==== Extracted material
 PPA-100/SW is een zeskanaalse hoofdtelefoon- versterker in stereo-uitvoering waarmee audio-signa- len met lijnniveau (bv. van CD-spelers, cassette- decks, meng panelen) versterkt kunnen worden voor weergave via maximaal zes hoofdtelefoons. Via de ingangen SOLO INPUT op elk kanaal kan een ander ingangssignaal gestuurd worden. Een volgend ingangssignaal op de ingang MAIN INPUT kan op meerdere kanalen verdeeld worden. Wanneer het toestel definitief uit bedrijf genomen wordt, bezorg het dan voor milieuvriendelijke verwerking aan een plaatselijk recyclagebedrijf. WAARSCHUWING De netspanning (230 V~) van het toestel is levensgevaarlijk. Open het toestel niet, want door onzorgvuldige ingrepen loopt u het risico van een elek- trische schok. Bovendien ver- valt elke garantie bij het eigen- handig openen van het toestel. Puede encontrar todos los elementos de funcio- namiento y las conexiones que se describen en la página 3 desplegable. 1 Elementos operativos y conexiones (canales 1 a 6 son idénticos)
========
==== Extracted material
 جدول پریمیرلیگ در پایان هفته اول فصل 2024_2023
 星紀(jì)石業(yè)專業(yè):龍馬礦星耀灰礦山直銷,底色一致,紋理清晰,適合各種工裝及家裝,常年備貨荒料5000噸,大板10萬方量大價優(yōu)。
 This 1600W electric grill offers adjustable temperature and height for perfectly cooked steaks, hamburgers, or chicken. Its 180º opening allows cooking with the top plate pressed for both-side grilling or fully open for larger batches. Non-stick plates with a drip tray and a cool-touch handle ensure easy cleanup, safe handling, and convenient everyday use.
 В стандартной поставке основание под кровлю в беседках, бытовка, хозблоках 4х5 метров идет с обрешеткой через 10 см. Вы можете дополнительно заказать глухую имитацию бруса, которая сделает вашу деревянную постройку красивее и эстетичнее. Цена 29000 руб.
========
Aim of the task:
The reply should hold only the lines of the listing above starting at the line containing "جدول پریمیرلیگ در" and ending at the line containing "В стандартной поставке", exactly as written.

Answer box:
 جدول پریمیرلیگ در پایان هفته اول فصل 2024_2023
 星紀(jì)石業(yè)專業(yè):龍馬礦星耀灰礦山直銷,底色一致,紋理清晰,適合各種工裝及家裝,常年備貨荒料5000噸,大板10萬方量大價優(yōu)。
 This 1600W electric grill offers adjustable temperature and height for perfectly cooked steaks, hamburgers, or chicken. Its 180º opening allows cooking with the top plate pressed for both-side grilling or fully open for larger batches. Non-stick plates with a drip tray and a cool-touch handle ensure easy cleanup, safe handling, and convenient everyday use.
 В стандартной поставке основание под кровлю в беседках, бытовка, хозблоках 4х5 метров идет с обрешеткой через 10 см. Вы можете дополнительно заказать глухую имитацию бруса, которая сделает вашу деревянную постройку красивее и эстетичнее. Цена 29000 руб.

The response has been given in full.